我从冯宛清腿间抬起头,嘴角全是混着淫水的口水。爬到那几个流浪汉面前,额头又磕下去。
“谢谢……谢谢你们操我妈……操我姐……操我家里人……”
“哈哈哈哈!”王萱被一个流浪汉从后面操着,还有力气大笑,“你们看看!嗯啊……我弟弟……嗯……磕头感谢别人操他妈……嗯啊……天底下还有比这更贱的人吗……”
韩婧喘着气接话:“嗯……确实……嗯啊……王毅你真是……嗯……给我们韩家丢人……堂姐被流浪汉操都没你丢人……”
韩萌咯咯笑着:“哥哥好贱哦……比萌萌还贱……嗯啊……”
六个女人的声音混在一起,骂声、呻吟声、肉体拍打声、尿液滴落声,全搅在公厕发黄的瓷砖墙壁之间回荡。
我跪在地上,额头贴着湿漉漉的地面,嘴里全是别人的味道。
我跪在湿漉漉的地面上,伸手推上那个老头的屁股,把他往冯宛清身上送。
老头被我一推,整根没入,胯骨撞在冯宛清的大腿内侧,发出一声闷响。
“嗯——”冯宛清哼了一声,低头看我,“你还嫌人家操得不够快?自己没本事操,就在后面推人家屁股?贱种。”
我又爬到旁边,推那个操韩婧的流浪汉。两只手按在他汗津津的后腰上,使劲往前送。
“哦——”韩婧被顶得仰起头,眼镜滑到鼻尖,“嗯……王毅你……嗯啊……推得好用力……这位先生的屌子一下就顶到堂姐的花心了……”
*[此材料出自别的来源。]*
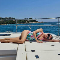 На одном из кадров 39-летняя Ляйсан Утяшева позировала в голубом слитном купальнике с цветочным принтом и розовыми вставками. Гимнастка дополнила пляжный образ солнцезащитными очками. Знаменитость с собранными волосами лежала на палубе яхты. Телеведущая рассказала, что снимки сделала ее дочь София.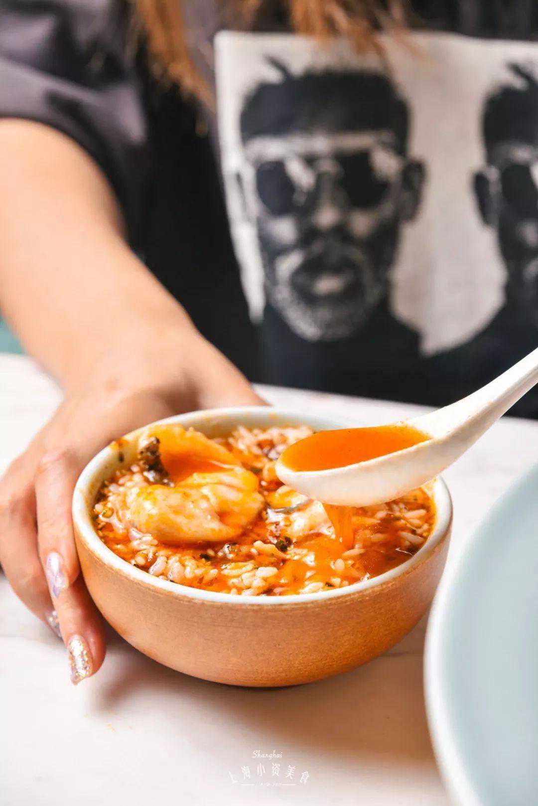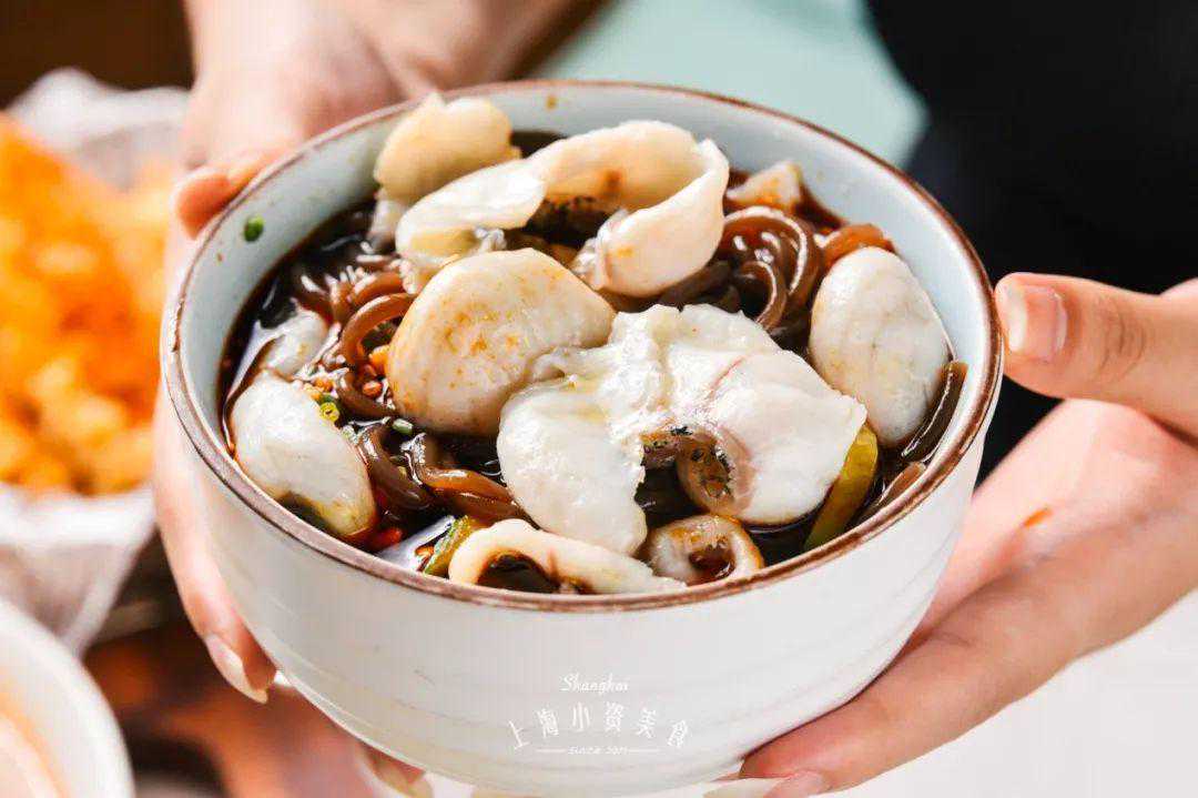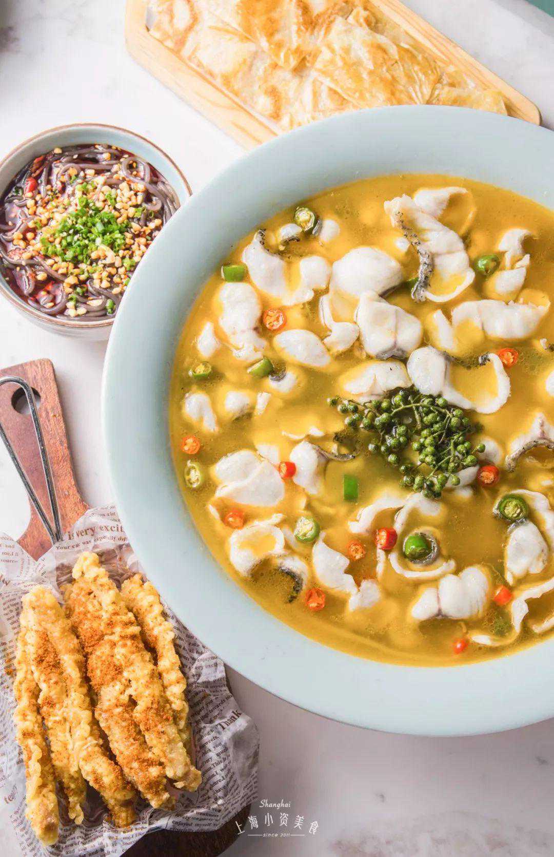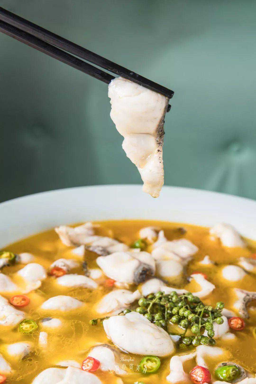 用明学的方式来吃鱼给我加满青花椒!小明哥毕竟是不一样的花火 普通人吃青花椒砂锅鱼 招牌的青花椒鱼一共有2种口味:适合大众经典选择的微麻微辣和舌尖触电的中麻中辣。 比起微麻微辣,中麻中辣的色泽更金黄。手工切片至2mm的黑鱼片,薄若蝉翼,色泽雪白。选用的青花椒也是重庆江津九叶青花椒,麻而不苦,清香提味。 吃麻星人之进阶版 泡饼吃 双手暴扣米饭 “everyboby在你头上暴扣“,没想到我们这句rap用在了吃法上。手拿两碗饭,扣在汤里,记得速度要快,直接一气呵成。 暴扣之后,记得用力搅匀,把饭完全浸没在汤汁里,就变成了阿拉上海宁超喜欢的汤泡饭。一口汤饭,一口鱼片,鲜香浓郁,一口气能夯两碗。 怒拌“鱼粉”法 没想到每次必吃的主食酸辣蕨根粉也能变成一种隐藏吃法!把鱼片和蕨根粉拌在一起,一碗“鱼粉”就来了,谁还不是个“小当家”呢! 上面的花生也是点睛之笔,蕨根粉韧劲十足,酸辣爽口,特别开胃,一口口嗦溜到停不下来~ 麻麻辣辣上头法 众所周知口水鸡特别好吃,但你们可能不知道,鱼片蘸口水鸡的酱汁,真的巨好吃!爽滑的鱼片配上秘制的酱料,竟然给我吃出了一股水煮鱼的感觉! 浇满番茄汁 如果你实在不能吃辣,不如可以试试番茄味的砂锅鱼!上桌先喝一口汤,嚯,好家伙!日晒12小时以上的新疆红熟番茄,味道果然够浓郁。 外婆酥肉 远看以为是茴香小油条,没想到是酥肉!和其他的小酥肉不同的是,这里每一条酥肉都是plus版本,肉质扎实,轻轻咬上一口还有肉汁爆出,配上辣椒粉,灵得不行~ 香辣牛蛙、咸蛋黄牛 呼叫牛蛙星人!无论是香辣还是咸蛋黄都很好吃,紧实的牛蛙腿鲜嫩多汁,包你吃完两串还想再来四串!

缺牙的拾荒者操完韩萌,拔出来四处张望,目光落在墙角的拖把桶上。他走过去,把那根拖把杆抽出来,木头杆子上沾着灰黑色的污渍。
“嘿嘿,这个好使。”
他拎着拖把杆走到冯静仪面前。冯静仪抬眼看了看那根杆子,慢悠悠地开口。
“哎呀……这根杆子……上面全是脏水……你不会想把这东西塞进小姨的骚逼里吧……”
拖把杆的圆头抵上了她的穴口,慢慢往里推。
“嗯……进来了……”冯静仪的声音还是不紧不慢的,“一寸……两寸……三寸了……好粗……木头杆子上面那些毛刺……刮着小姨的逼肉……又疼又痒……”
推三轮的老头也来了兴致,从小便池旁边扯下来一截橡胶水管,在手里甩了两下,照着冯宛清的奶子就抽过去。
啪——!
“嗯!”冯宛清的身子弹了一下,奶子上立刻浮起一道红印。她低头看了看,又抬头看我。